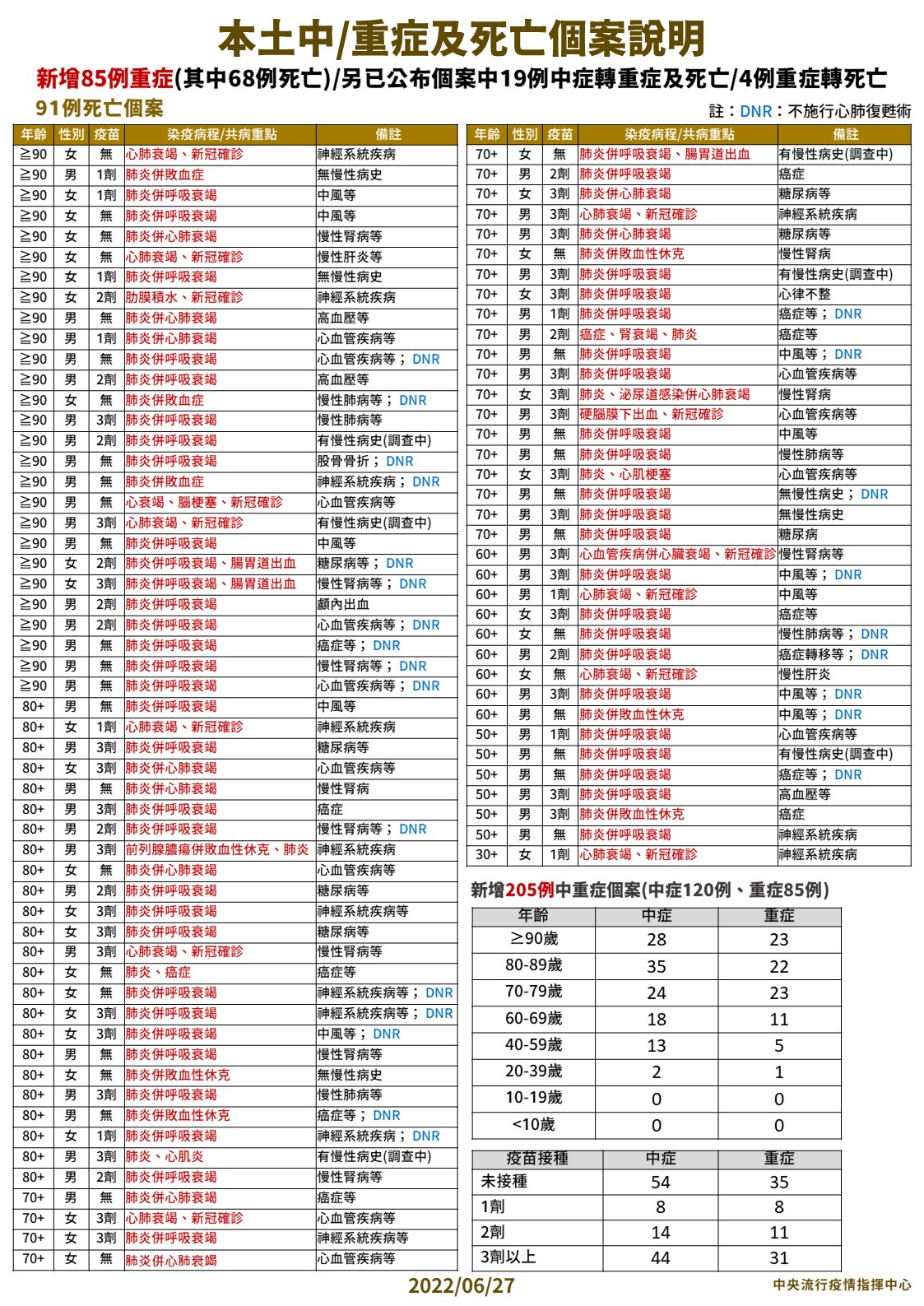 指揮中心指出,今日新增91例本土病例死亡個案,為57例男性、34例女性,年齡介於30多歲至90多歲以上,皆屬重度感染個案、86例具慢性病史、59例未接種3劑 COVID-19疫苗。確診日介於今(2022)年5月11日至6月24日,死亡日期介於5月11日至6月24日。
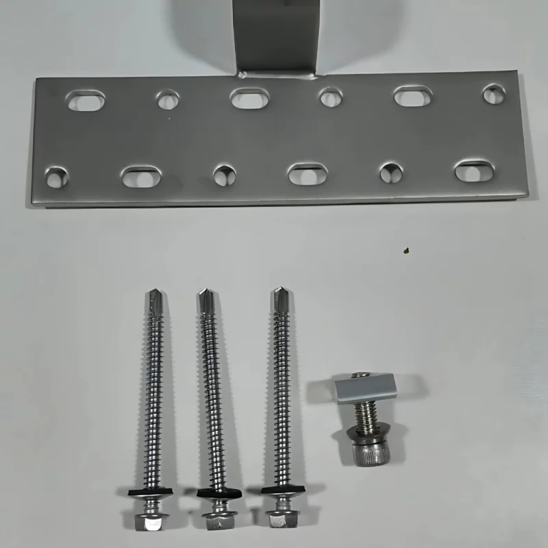 Clema din inox utilizata pentru sustinerea panourilor fotovoltaice pe acoperisurile care sunt invelite cu tigla ceramica + 3 suruburi autoforante de 6X75 si 1 piulita D.
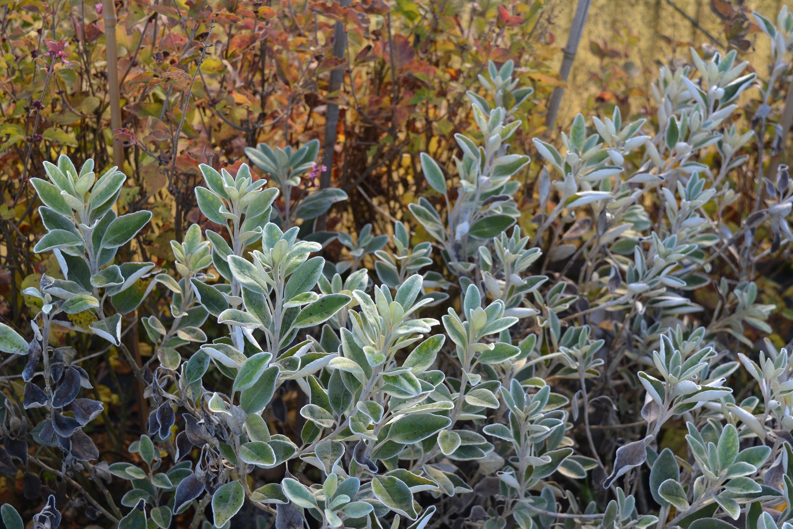 piccolo arbusto con foglie ovali bianco-grigio, fiori a margherita

--------

Task instructions: Would you return the data exactly as written, without the pictures?

Completed task:
 指揮中心指出,今日新增91例本土病例死亡個案,為57例男性、34例女性,年齡介於30多歲至90多歲以上,皆屬重度感染個案、86例具慢性病史、59例未接種3劑 COVID-19疫苗。確診日介於今(2022)年5月11日至6月24日,死亡日期介於5月11日至6月24日。
 Clema din inox utilizata pentru sustinerea panourilor fotovoltaice pe acoperisurile care sunt invelite cu tigla ceramica + 3 suruburi autoforante de 6X75 si 1 piulita D.
 piccolo arbusto con foglie ovali bianco-grigio, fiori a margherita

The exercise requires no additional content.